Especialistas em avaliação e monitoramento de programas sociais, escreveram uma série de cadernos que ensinam em linguagem simples sobre um assunto complexo


Dez perguntas para
Thereza Penna Firme e Vathsala Stone

Thereza Penna Firme é brasileira, professora, pesquisadora e psicóloga. Mestre e doutora pela Universidade Stanford (EUA), tem quarenta anos de experiência nacional e internacional como consultora e conferencista sobre o tema avaliação. Em 2018, foi eleita Educador do Ano pela Academia Brasileira de Educação. Aposentada da UFRJ (Universidade Federal do Rio de Janeiro), atua como coordenadora do Centro de Avaliação da Fundação Cesgranrio.

Vathsala lyengar Stone é indiana, professora e pesquisadora com formação em ciências físicas e educação. Mestre e doutora em metodologia de pesquisa e avaliação educacional (Universidade Estadual da Flórida, EUA), atuou por dezessete anos em instituições brasileiras e conta com quarenta anos de experiência em avaliação e tecnologia educacional. Aposentada da Universidade de Nova York, é diretora de pesquisa de um programa para pessoas com deficiência, no Centro de Tecnologia Assistiva.
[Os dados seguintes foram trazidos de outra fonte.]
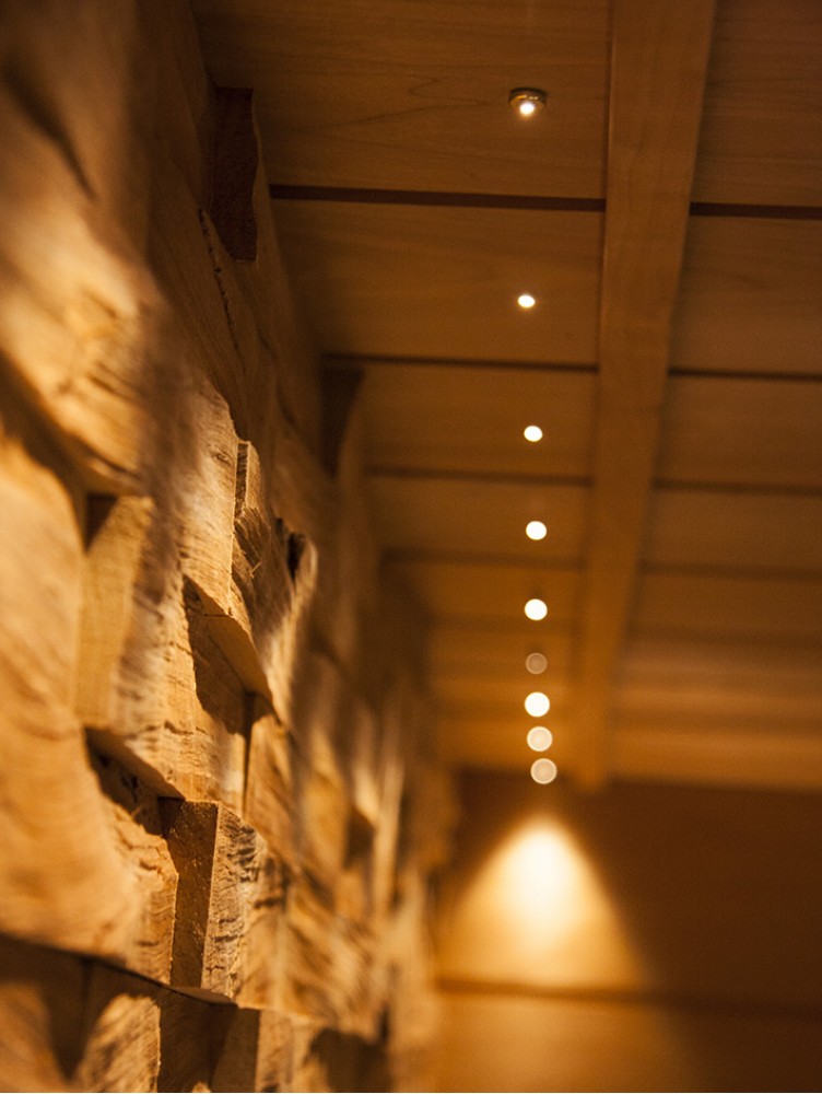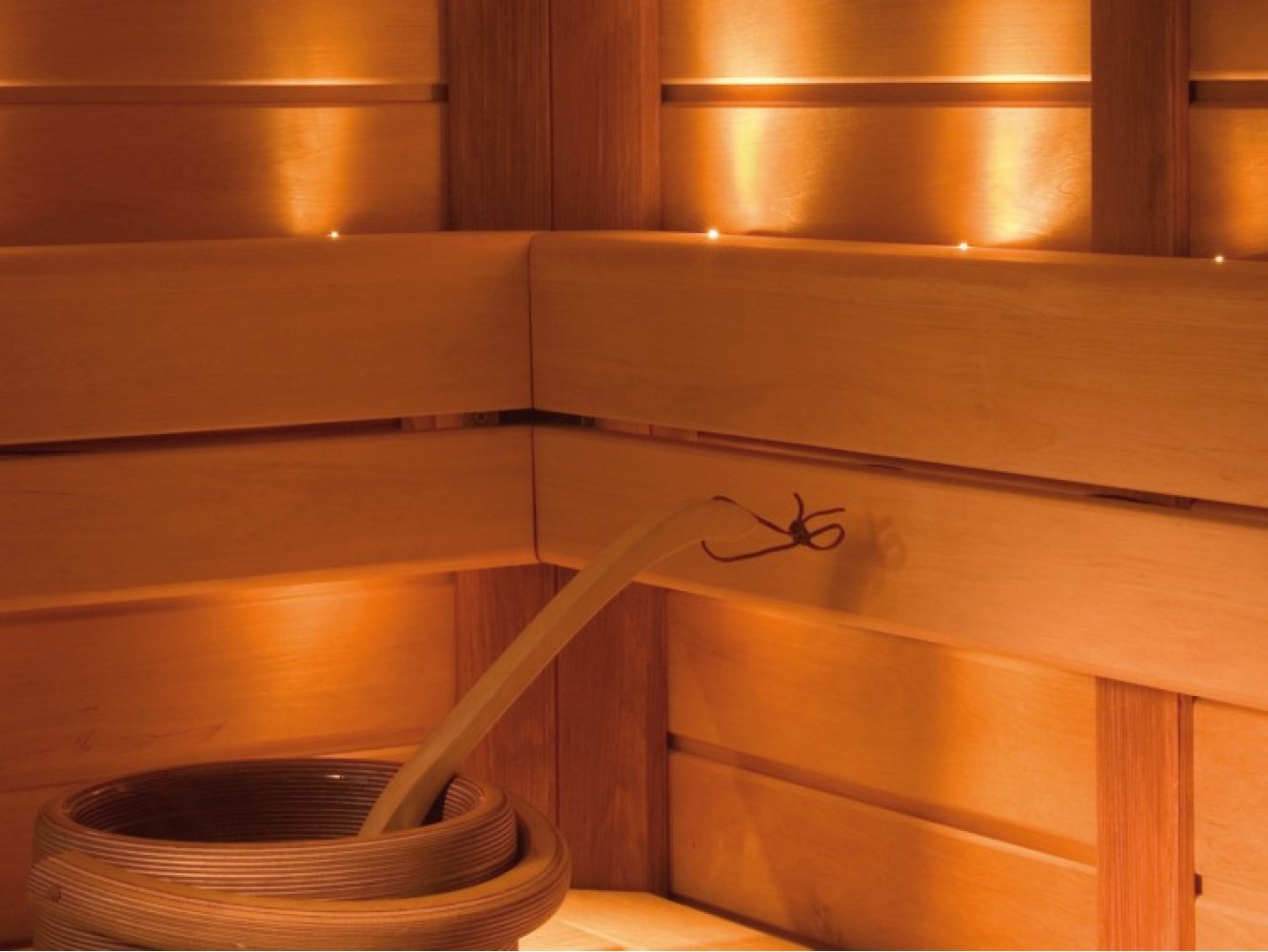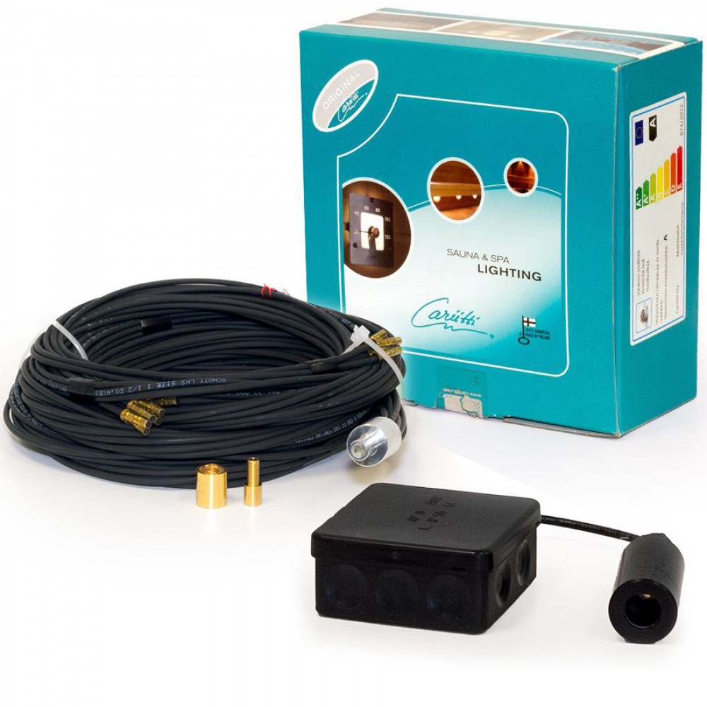 Комплект отлично подходит для освещения саун небольшого размера. Волокна — стеклянные и выдерживают температуру 180°C. Допускается установка в потолке.

Thereza e Vathsala: proposta prática para tornar mais acessível e bem-vinda a avaliação de programas socioeducacionais. Fotos: Ana Maria Andrade e Herrmann Studio

Por Maggi Krause, Rede Galápagos, São Paulo

“A avaliação é uma amiga, uma companheira dos profissionais, uma parceira para quem tem esse compromisso com justiça social”, destaca Thereza Penna Firme ao lançar a série de oito cadernos “Avaliação de Programas Socioeducacionais: como enfocar e pôr em prática — uma alternativa naturalística” publicada pelo Itaú Social. O conteúdo considera os direitos e o atendimento a crianças e adolescentes e pode ser aplicado em qualquer programa socioeducacional preocupado com a formação de indivíduos. A obra explica o conceito da avaliação, como planejar e colocar em prática as atividades de campo e ensina como avaliar seus resultados. Tem autoria de três pioneiros na área: além de Thereza, a indiana Vathsala lyengar Stone e o salvadorenho Juan Antonio Tijiboy, falecido em 2013. 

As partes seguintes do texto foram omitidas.